Re: Search text in Find Files / Lister: bug with non-ANSI characters

Post by *Usher »

2Slavic
I only wanted to suggest other approach than yours - and it partially failed. However, it still may be a step in a good direction.

Maybe you misunderstood my laconic comments. You don't need to be sorry, you need to be more patient, please.
I trust your findings, some of them I can confirm for TC in XP (hence my suggestion), but I haven't enough time to make more tests, describe results and make other suggestions in a single message.
Do you think all the people work in a similar manner as you?
Andrzej P. Wozniak
Polish subforum moderator
User avatar
Usher
Power Member
Power Member
Posts: 1675
Joined: 2011-03-11, 10:11 UTC

Re: Search text in Find Files / Lister: bug with non-ANSI characters

Post by *Usher »

Well, it seems to be similar case as in another topic which you have started:
viewtopic.php?f=35&t=74205#p399092

Lister behaviour depends on UnwrapWidth value. If you set UnwrapWidth >=1738, then Lister will find "????" as a Russian text in history.txt.
You don't need to test Greek any more, combine Greek with Russian or select many charsets. Just test search for Russian text in ANSI mode.

I have windows-1250 (Polish) codepage set in Windows, language in TC seems to be irrelevant.

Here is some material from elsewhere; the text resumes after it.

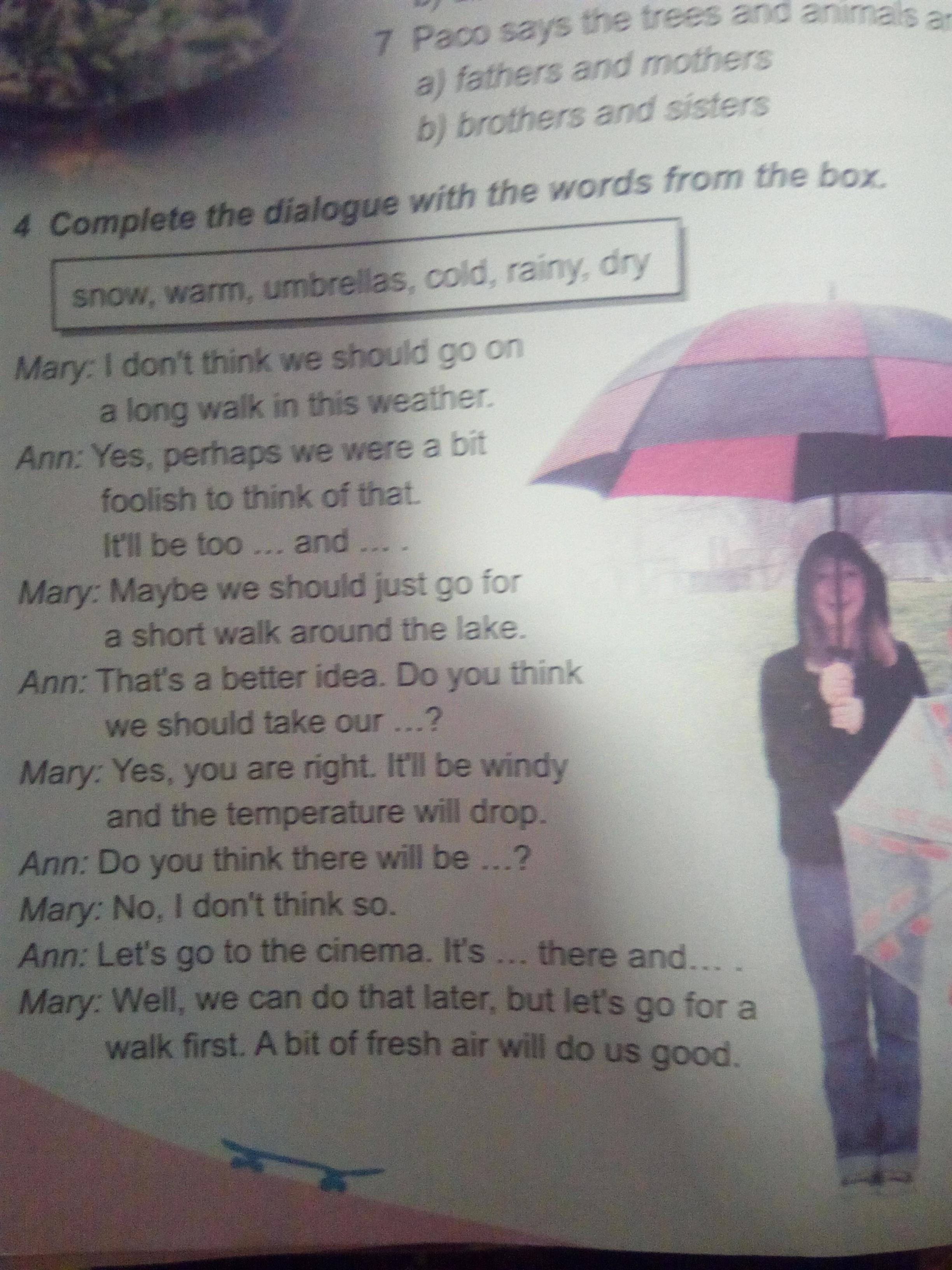 Мэри: Я не думаю, что в такую погоду мы должны долго гулять. Энн: Да, возможно, мы были немного глупы, чтобы думать об этом и ... Это будет слишком Мэри: Может, нам стоит просто прогуляться по озеру. Энн: Это лучшая идея. Как вы думаете, мы должны взять наш ..? Мэри: Да, ты прав. Будет ветрено, и температура упадет. Энн: Как вы думаете, будет ...? Мэри: Нет, я так не думаю. Энн: Пойдем в кино. Это ... там и .. Мэри: Ну, мы можем сделать это позже, но сначала пойдем на прогулку. Немного свежего воздуха пойдет нам на пользу.

I did tests in current TC instance and in TC with fresh.ini.
  • I did search for "абвг" in 2 texts - history.txt and Russian text in ANSI (windows-1251) containing "????".
    Search always finds both files, Lister always finds "????" in Russian txt , but for history.txt it depends on UnwrapWidth value.
  • Search for "αβγδ" gives more or less proper results:
    1. Finds nothing for search in non-Cyrillic ANSI.
    2. Finds proper string in wincmd.ini (UTF-16) and fresh.ini (UTF-16) for search in UTF-16.
    3. Finds proper string (though strangely looking in fresh.ini.bak (backup of the initial fresh.ini before conversion from windows-1250 to UTF-16) for search in UTF-8.
    UnwrapWidth for Lister in this case is irrelevant, codepage in Lister set to Autodetect.
    1L. Nothing to view.
    2L. Finds proper string in UTF-16 files.
    3L. Finds nothing in Autodetect mode (ANSI), finds proper string when switched to UTF-8.
As you can see, it's a problem with autodetection for Russian codepage (windows-1251). It seems to be very old. It means that some autodetection heuristics are wrong and should be changed.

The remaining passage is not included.